## DATASET EXTRACT
====

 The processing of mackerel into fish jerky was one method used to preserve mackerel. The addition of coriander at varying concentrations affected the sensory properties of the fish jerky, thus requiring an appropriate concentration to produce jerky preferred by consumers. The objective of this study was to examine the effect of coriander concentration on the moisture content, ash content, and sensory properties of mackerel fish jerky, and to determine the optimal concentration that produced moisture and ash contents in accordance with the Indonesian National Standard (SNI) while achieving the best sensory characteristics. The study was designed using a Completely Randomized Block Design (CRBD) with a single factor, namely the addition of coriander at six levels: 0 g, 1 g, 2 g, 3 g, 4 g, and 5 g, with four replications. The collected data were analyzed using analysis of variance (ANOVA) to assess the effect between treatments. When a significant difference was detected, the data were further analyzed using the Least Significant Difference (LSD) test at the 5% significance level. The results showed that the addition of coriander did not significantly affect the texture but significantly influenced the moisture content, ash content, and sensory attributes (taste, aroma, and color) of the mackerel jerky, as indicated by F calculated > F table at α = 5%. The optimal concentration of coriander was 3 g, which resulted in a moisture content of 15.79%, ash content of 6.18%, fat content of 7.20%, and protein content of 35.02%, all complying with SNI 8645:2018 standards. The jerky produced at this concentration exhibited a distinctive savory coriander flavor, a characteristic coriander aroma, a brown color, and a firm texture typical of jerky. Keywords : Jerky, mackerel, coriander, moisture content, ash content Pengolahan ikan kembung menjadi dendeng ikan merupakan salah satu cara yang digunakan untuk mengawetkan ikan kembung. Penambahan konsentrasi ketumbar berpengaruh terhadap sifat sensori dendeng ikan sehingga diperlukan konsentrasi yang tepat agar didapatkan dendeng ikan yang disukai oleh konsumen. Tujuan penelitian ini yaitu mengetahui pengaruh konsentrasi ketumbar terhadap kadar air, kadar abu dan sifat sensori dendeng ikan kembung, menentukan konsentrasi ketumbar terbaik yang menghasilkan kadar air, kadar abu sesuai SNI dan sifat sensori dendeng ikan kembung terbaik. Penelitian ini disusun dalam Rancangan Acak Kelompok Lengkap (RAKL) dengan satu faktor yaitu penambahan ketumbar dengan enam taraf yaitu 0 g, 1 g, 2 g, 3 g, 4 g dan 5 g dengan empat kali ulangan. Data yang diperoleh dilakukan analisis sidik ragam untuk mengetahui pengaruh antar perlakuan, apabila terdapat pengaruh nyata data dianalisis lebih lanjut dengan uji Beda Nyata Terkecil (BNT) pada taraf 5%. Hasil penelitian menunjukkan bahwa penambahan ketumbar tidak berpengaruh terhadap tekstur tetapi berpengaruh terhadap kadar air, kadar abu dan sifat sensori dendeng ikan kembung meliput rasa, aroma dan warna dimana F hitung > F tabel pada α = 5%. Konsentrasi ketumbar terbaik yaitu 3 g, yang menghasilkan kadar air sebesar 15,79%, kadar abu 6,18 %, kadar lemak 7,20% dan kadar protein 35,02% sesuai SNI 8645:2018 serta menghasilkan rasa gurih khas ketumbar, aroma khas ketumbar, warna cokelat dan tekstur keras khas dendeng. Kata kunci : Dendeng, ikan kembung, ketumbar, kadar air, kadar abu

====

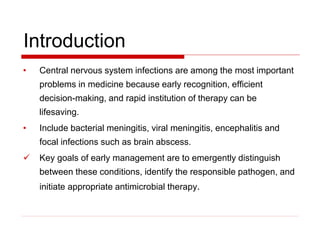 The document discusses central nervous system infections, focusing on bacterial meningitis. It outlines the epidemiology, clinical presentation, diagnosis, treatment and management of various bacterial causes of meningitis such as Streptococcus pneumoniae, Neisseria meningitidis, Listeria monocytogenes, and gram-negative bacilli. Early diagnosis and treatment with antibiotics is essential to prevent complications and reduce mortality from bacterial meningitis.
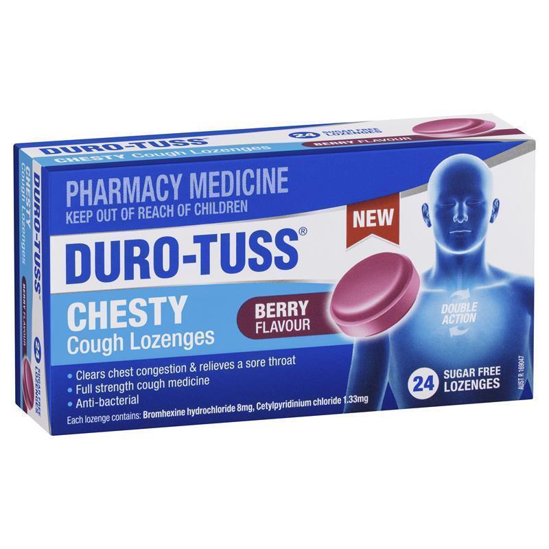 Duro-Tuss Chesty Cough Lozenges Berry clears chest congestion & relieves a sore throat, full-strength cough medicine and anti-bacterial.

====

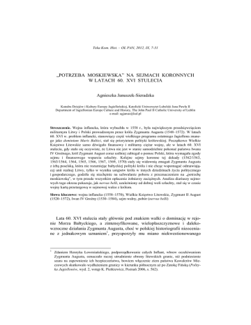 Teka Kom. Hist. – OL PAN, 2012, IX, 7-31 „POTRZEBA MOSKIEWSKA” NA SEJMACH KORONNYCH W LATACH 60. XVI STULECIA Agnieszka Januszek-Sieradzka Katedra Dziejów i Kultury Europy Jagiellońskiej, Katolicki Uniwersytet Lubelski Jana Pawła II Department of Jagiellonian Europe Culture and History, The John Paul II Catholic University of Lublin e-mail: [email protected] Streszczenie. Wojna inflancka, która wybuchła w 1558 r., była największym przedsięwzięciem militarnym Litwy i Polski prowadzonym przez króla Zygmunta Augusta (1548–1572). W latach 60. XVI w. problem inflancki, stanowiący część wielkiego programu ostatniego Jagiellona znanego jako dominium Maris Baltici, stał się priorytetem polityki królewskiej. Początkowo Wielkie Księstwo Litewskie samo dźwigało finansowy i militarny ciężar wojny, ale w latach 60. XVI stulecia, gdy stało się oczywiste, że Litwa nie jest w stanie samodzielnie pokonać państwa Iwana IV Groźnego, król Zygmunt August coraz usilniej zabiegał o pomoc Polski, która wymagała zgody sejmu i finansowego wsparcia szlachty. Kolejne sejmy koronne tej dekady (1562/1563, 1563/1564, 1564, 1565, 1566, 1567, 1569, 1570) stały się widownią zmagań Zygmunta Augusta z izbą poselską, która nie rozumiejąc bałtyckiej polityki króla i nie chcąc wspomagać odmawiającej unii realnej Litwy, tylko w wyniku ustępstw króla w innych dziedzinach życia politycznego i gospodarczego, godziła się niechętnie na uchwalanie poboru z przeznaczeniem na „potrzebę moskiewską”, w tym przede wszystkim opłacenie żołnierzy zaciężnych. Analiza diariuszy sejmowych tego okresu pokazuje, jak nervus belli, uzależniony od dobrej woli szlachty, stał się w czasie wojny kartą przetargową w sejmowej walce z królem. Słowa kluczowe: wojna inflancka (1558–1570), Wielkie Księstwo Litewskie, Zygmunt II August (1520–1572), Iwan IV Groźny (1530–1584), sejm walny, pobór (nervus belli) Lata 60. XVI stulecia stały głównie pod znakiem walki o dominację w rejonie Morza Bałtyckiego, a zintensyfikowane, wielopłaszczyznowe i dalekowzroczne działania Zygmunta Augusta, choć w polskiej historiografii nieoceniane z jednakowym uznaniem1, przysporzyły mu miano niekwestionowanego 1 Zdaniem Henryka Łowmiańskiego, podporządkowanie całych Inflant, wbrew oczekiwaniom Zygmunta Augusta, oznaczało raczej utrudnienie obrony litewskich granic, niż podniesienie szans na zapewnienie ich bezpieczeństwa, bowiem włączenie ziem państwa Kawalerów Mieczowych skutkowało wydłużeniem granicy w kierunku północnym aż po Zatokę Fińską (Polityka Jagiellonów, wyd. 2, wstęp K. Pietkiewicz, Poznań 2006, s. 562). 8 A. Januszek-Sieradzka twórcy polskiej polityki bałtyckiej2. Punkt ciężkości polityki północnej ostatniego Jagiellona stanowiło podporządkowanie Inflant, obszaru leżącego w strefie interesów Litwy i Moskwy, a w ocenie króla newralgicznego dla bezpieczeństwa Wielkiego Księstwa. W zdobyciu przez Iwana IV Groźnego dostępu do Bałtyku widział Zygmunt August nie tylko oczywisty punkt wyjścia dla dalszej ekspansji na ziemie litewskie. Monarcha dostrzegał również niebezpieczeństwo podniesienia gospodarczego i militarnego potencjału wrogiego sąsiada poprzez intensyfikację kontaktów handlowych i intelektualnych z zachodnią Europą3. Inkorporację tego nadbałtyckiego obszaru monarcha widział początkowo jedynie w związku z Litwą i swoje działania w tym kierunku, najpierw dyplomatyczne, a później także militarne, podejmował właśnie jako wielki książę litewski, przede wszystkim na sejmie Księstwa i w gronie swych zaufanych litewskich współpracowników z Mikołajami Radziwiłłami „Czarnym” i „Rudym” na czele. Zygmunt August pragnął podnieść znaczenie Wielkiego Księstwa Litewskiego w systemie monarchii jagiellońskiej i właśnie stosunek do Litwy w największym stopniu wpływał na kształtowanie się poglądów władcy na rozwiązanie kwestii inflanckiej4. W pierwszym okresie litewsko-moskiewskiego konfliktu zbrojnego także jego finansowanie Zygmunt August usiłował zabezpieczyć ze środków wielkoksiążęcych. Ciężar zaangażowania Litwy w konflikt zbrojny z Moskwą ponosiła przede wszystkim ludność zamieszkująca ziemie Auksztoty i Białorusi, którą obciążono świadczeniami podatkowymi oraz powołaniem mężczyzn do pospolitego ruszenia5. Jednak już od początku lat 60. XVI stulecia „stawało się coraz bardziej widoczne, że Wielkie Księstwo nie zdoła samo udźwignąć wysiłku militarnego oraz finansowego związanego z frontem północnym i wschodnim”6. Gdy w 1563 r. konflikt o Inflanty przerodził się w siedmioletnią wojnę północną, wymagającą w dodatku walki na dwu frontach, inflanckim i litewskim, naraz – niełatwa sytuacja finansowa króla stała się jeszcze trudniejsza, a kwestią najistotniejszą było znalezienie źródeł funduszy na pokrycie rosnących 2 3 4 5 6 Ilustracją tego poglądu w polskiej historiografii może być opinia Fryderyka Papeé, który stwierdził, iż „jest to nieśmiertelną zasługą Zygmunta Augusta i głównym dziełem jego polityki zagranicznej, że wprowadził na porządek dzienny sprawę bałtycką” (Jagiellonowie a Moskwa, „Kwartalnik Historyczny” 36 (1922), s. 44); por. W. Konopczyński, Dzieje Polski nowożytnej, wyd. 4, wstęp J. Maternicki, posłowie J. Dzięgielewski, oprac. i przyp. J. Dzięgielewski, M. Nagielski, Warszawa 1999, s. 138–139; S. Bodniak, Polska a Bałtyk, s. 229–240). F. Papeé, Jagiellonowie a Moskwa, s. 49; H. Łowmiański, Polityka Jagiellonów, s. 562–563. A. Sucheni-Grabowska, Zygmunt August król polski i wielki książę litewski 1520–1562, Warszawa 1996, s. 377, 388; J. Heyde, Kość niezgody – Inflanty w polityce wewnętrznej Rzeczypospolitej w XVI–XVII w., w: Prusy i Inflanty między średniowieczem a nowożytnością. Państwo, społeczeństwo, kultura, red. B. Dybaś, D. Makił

====

In the entries above, find the line with "The document discusses" and the line with "Duro-Tuss Chesty Cough". Return exactly those lines and all the ones between them, pictures excluded.

 The document discusses central nervous system infections, focusing on bacterial meningitis. It outlines the epidemiology, clinical presentation, diagnosis, treatment and management of various bacterial causes of meningitis such as Streptococcus pneumoniae, Neisseria meningitidis, Listeria monocytogenes, and gram-negative bacilli. Early diagnosis and treatment with antibiotics is essential to prevent complications and reduce mortality from bacterial meningitis.
 Duro-Tuss Chesty Cough Lozenges Berry clears chest congestion & relieves a sore throat, full-strength cough medicine and anti-bacterial.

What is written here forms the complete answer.